Anonymous 0 Comments

It’s reversible and supports high bandwidth, allowing for a wide range of uses. The reason its now being introduced into Apple products that used to have Lightning is because the EU is forcing it.

Anonymous 0 Comments

In theory other industries HAVE done this. Which is why you see AA batteries, toilet paper on a cardboard roll, the battle between vhs and betamax/ bluray vs HD DVD. Lightening vs usb-c was just the latest iteration of two competing technologies.

Anonymous 0 Comments

It only occurs due to government intervention.
Companies dont like adhering to universal standards because they are good for the consumer and encourage healthy competition.
The company doesn’t want competition they want to sell you their proprietary charger for 400x what it’s worth and leave you with no choice but to pay that (the entire apple business model)

The thing to take away is that believing companies do things or make money based on providing the best service to customers is a gross oversimplification at best and an outright lie at worst.

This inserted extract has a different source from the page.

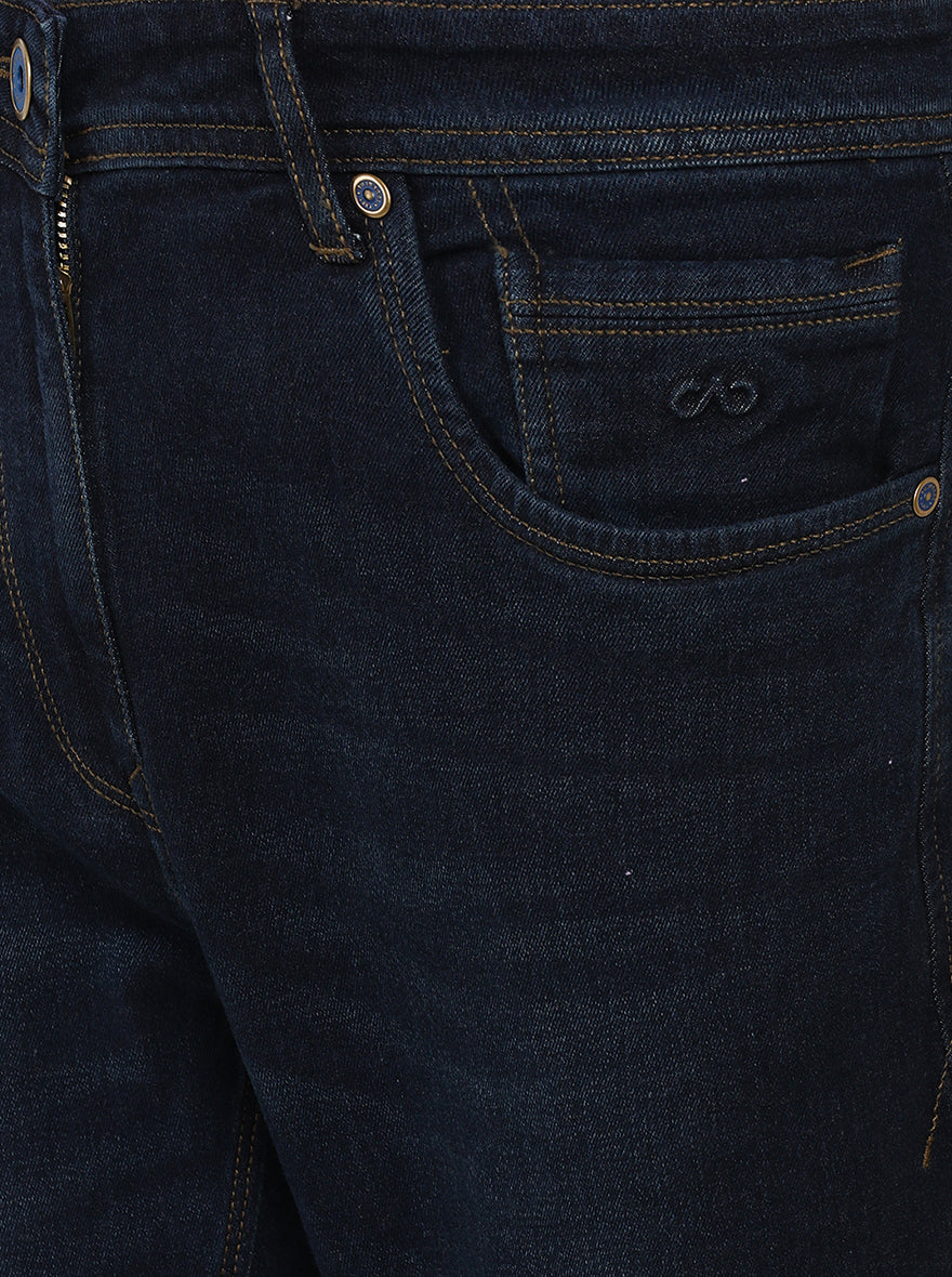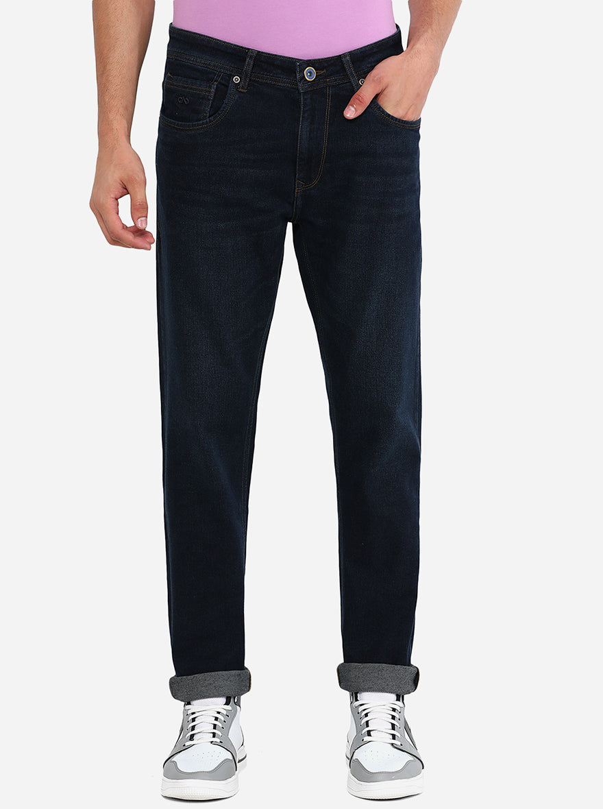Details: Get into the casual mood in this JadeBlue Men's Dark Blue Jeans. Made out of Cotton Stretch fabric ensuring comfort, breathability, and excellent stretchability all day. Offers a Mid Rise waist with a Straight fit and a flat front for a sleek look that has been elevated with a Washed pattern. Features five pockets, zipper, and button for closure. Match it with a T-shirt of your choice and a pair of canvas for an iconic look. Perfect for semi-formal looks.
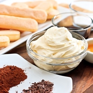 Place the mascarpone cheese in a separate bowl and mash with a wooden spatula. While continuing to beat the yolks, gradually add the mascarpone. Keep beating the mixture until completely homogeneous. Note: use the lowest speed, it's better to fold with a spatula rather than a mixer.

Sorry I’ve worded this in a bit of a salty way but it’s the truth.

Anonymous 0 Comments

As far as batteries for power tools, you can buy an adapter to use Milwaukee to Dewalt or Milwaukee to Ryobi or Mikita to Dewalt. Etc.

Anonymous 0 Comments

Don’t get the “battery” mixed up with “charging cable”. It is FAR easier to standardize a simple plug than it is to standardize the whole power system.

Anonymous 0 Comments

Universal means everyone can do it. Most companies want you in their ecosystem to they can fleece the most money out of you. Apple being the perfect example.

Anonymous 0 Comments

The reason why companies often don’t rally around one common standard is because creating a universal standard is often extremely difficult.

The “B” in USB stands for “bus”. So let’s draw an analogy to an actual road-driving bus.

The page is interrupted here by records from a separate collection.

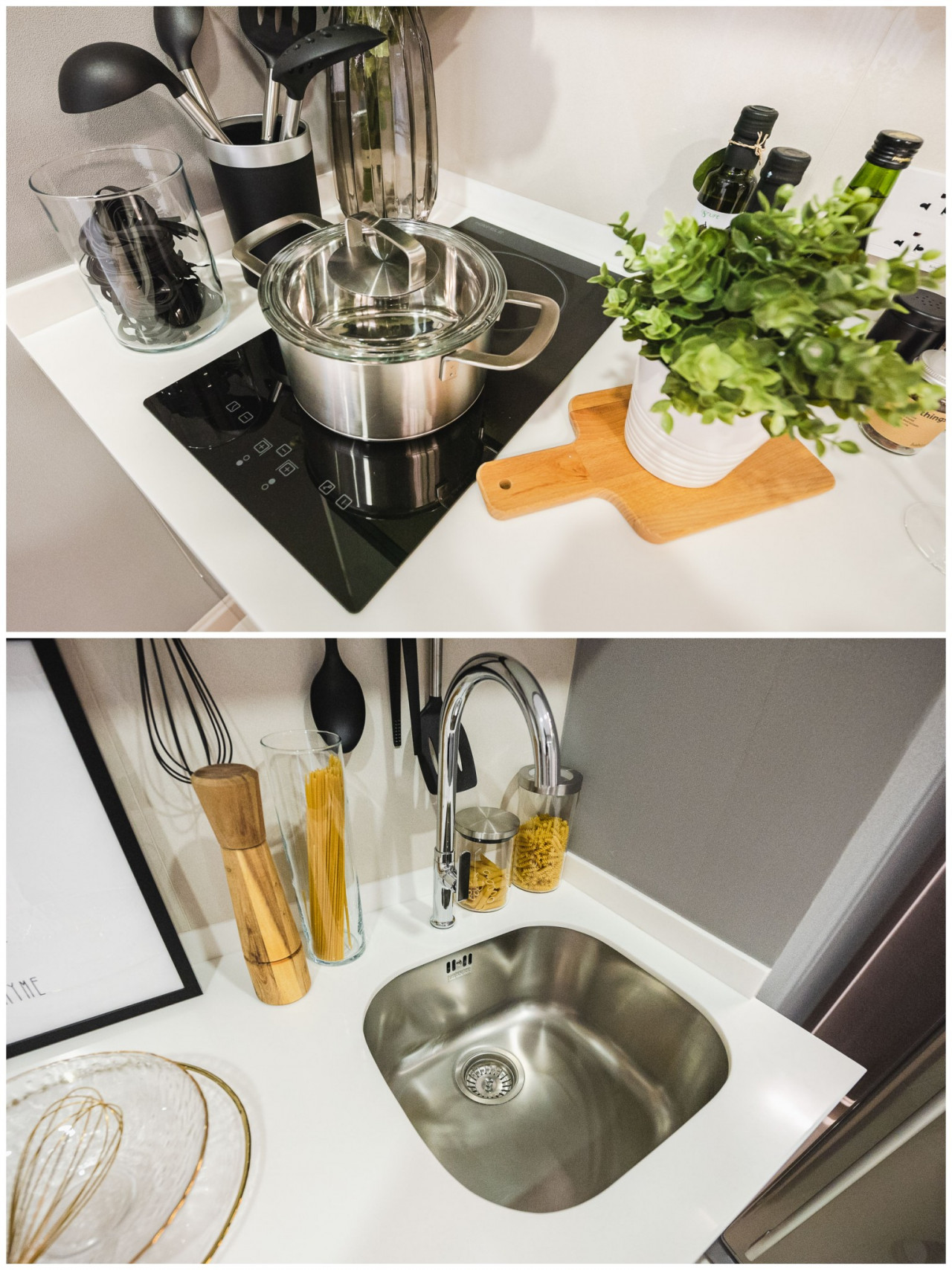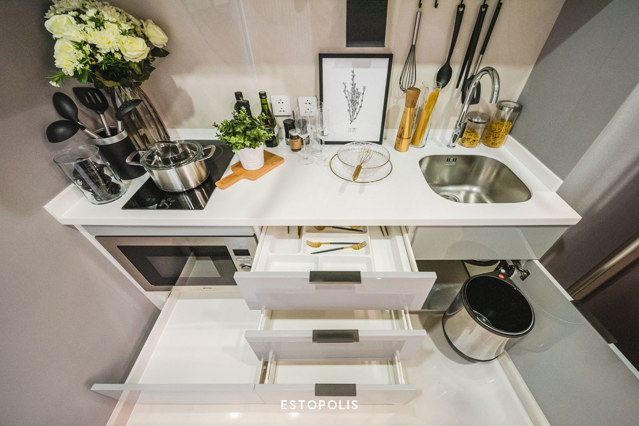 Top เคาน์เตอร์ครัวทำจากเรซิ่นสังเคราะห์สีขาว สะอาดตา พร้อมทำ backsplash ที่ช่วยให้การดูแลทำความสะอาดคราบต่าง ๆ นั้นเป็นเรื่องง่าย ส่วนผนังก็จะติดตั้งปลั๊กไฟมาให้ รองรับการใช้งานเครื่องใช้ไฟฟ้า ไม่ว่าจะเป็นเครื่องปั่น, เครื่องปิ้งขนมปัง, เตาอบแซนวิช, หม้อทอดไร้น้ำมัน ฯลฯ พร้อมเว้นช่องสำหรับใส่เตาอบเอาไว้ทางด้านล่าง ตลอดจนลิ้นชักบนสุดที่จัดช่องสำหรับเก็บช้อนส้อม
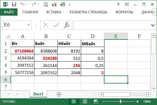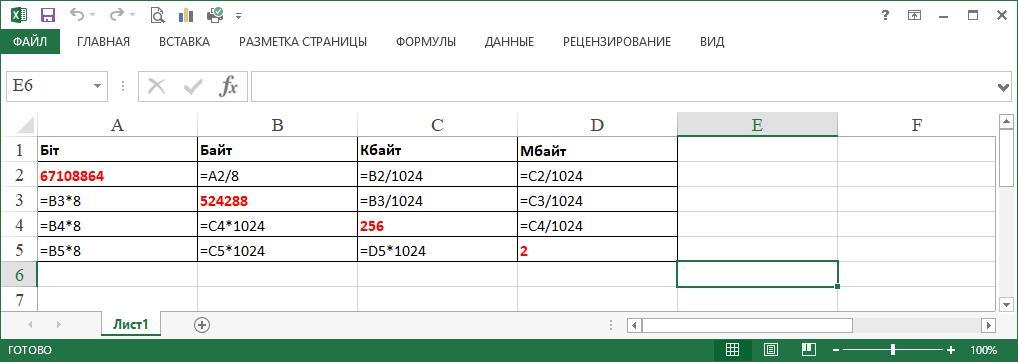 - в ячейку C5 вводим формулу =D5*1024 (скрин 2)
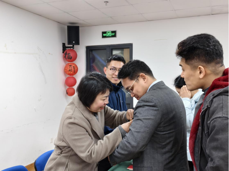 随后,党委组织员徐璐宣读新发展党员名单。各党支部书记逐一为预备党员郑重佩戴党员徽章,发放《中国共产党章程》。这枚小小的徽章象征着新党员从此肩负起党员的使命,成为为人民服务的先锋战士。
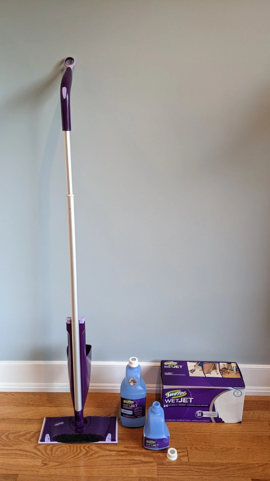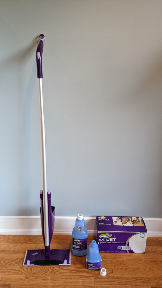 Taking up space; never use it. - Battery Operated Mop - 24 Pads - 1 Bottle Multi-Surface Cleaning Solution (full) - 1 Mini Re-fillable Bottle (empty)
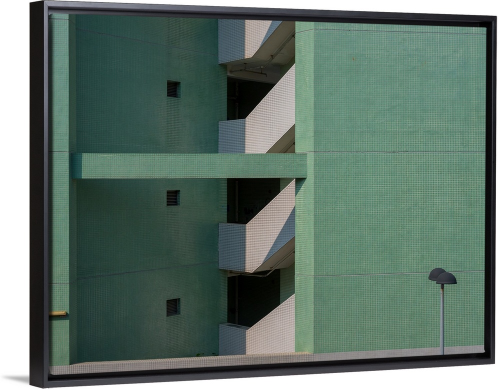 <p>Photograph of a pale green and white building facade with covered staircases creating geometrical shapes and movement.</p>
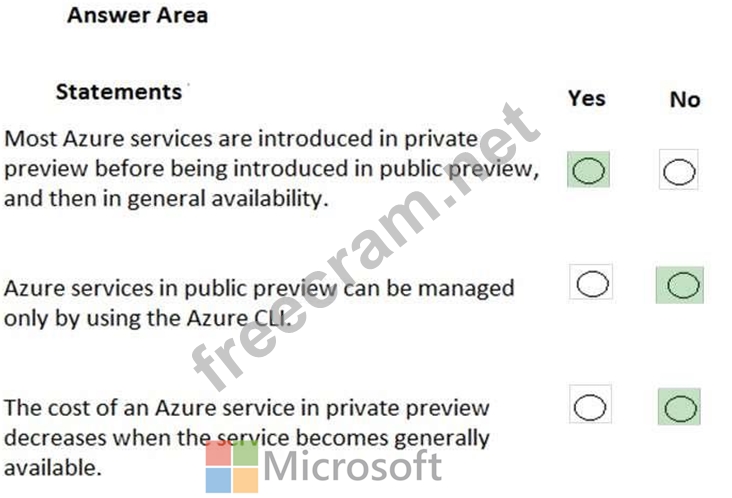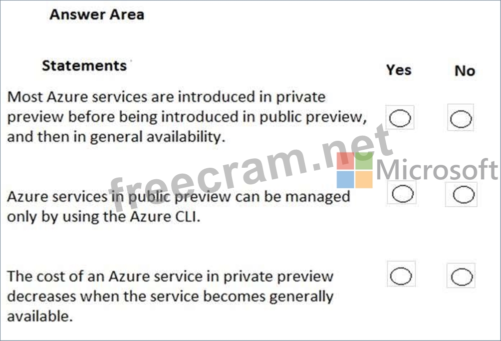 For each of the following statements, select Yes if the statement is true. Otherwise, select No.

You’re plotting out a bus route for a city. So, obvious question: where is the bus going to stop?

There will probably be a bunch of obvious answers. The big mall at the center of town? Good idea. Grocery store? Sure. Center of a big housing development? Definitely. Hospital? Absolutely.

But what about, say, a laundromat? Is that important enough to stop at? Not everyone who is going to ride the bus needs to use the laundromat. And mind, every stop you add that people on your bus don’t want wastes their time with stops they don’t need. But obviously *some* people would seriously benefit from the laundromat. What is worth including?

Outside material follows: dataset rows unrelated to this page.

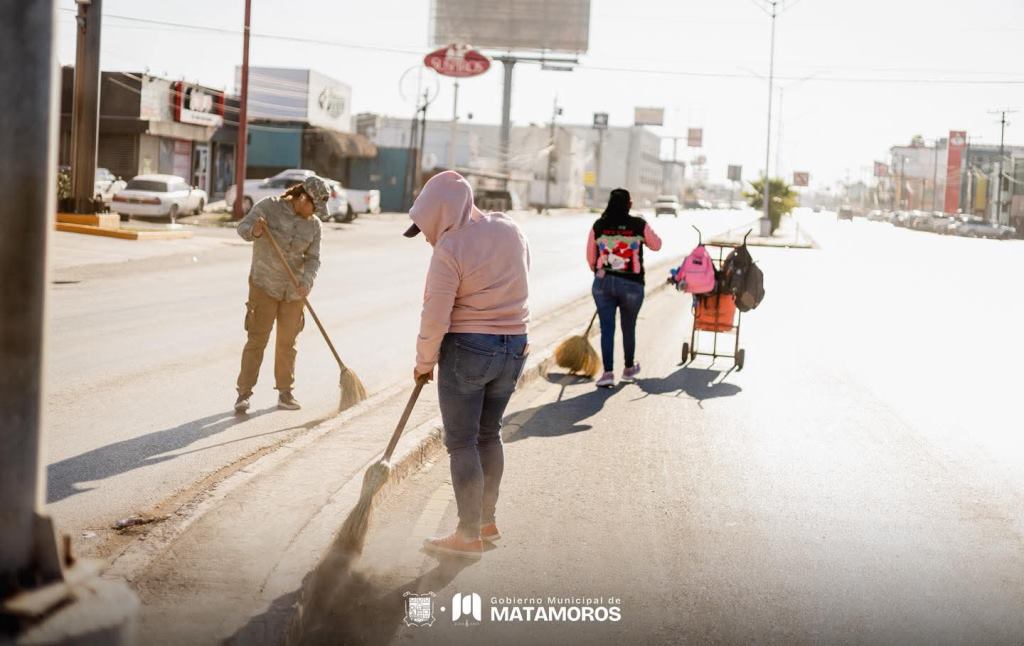 Las labores se desarrollaron en puntos estratégicos como la calle Diecisiete, las avenidas Cantinflas y Lauro Villar, así como en las colonias Guadalupe Mainero y España, además del Fraccionamiento Valle de Casablanca, el Bordo del Río y la Carretera a Puerto Mezquital, contribuyendo a que brille Matamoros a través de entornos más ordenados y dignos.
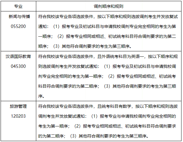 第五條 擬對外調劑的專業:新聞與傳播(專業代碼:055200)、漢語國際教育(專業代碼:045300)、旅游管理(專業代碼:120203),各專業調劑名額為新聞與傳播擬調劑9人、漢語國際教育擬調劑11人、旅游管理擬調劑4人。
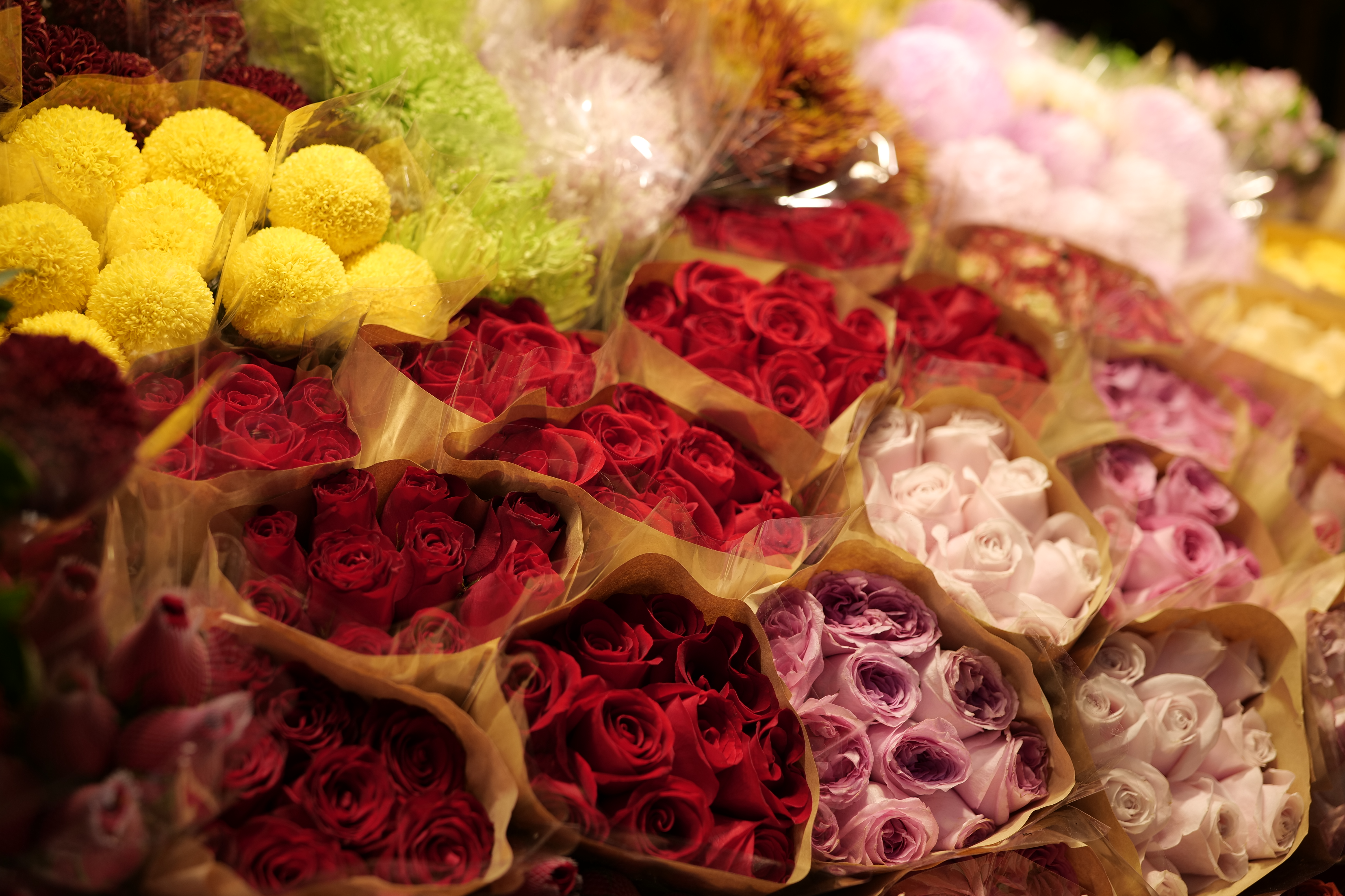转过一个弯,便是令人屏息的鲜切花区。这里是色彩的狂欢,也是练习色彩构图与光影捕捉的绝佳场所。

Generally, every company under capitalism is selfish. Why wouldn’t you be? Resources spent on things that aren’t the betterment of yourself are ultimately resources wasted. Whether they help anyone else along the way are simply incidental. Or worse, actively assist competition. So, ideally, if your company needed a bus route built, you’d want it to stop only at the places that benefited your company, and only your company. If the currently existing bus route stops at a bunch of places that don’t help your company at all (or provide too much help to companies that compete with you), it may just be worth it to you to start your *own* bus route, that only stops at the places you care about. So the natural consequence of this is the creation of a bunch of independent bus routes catered to slightly different purposes.

Plus, if you happen to create something that other people also like, you can charge money for that. So even if a standard out there does everything you need it to do, it may just be worth it to make your own, and sell that to others. Why use the free thing when you can make money selling a thing you own, right?

True standards really only come about in two ways: either 1) they truly have everything every user could possibly want with very little compromise, and coming up with your own better solution is more expensive than dealing with the compromise, or 2) a government steps in and forces everyone by law to use it.

USB was always intended to be option 1, [but getting to option 1 is very hard](https://xkcd.com/927/), and for a long time USB was not there yet in the eyes of many companies. Arguably, with USB 3.0 (the way the wires talk) and USB-C (the shape of the plug), it has finally achieved option 1, but by this point, some companies (Apple…) were still locked into their own plug types. So ultimately it took option 2 in the EU to force the standard.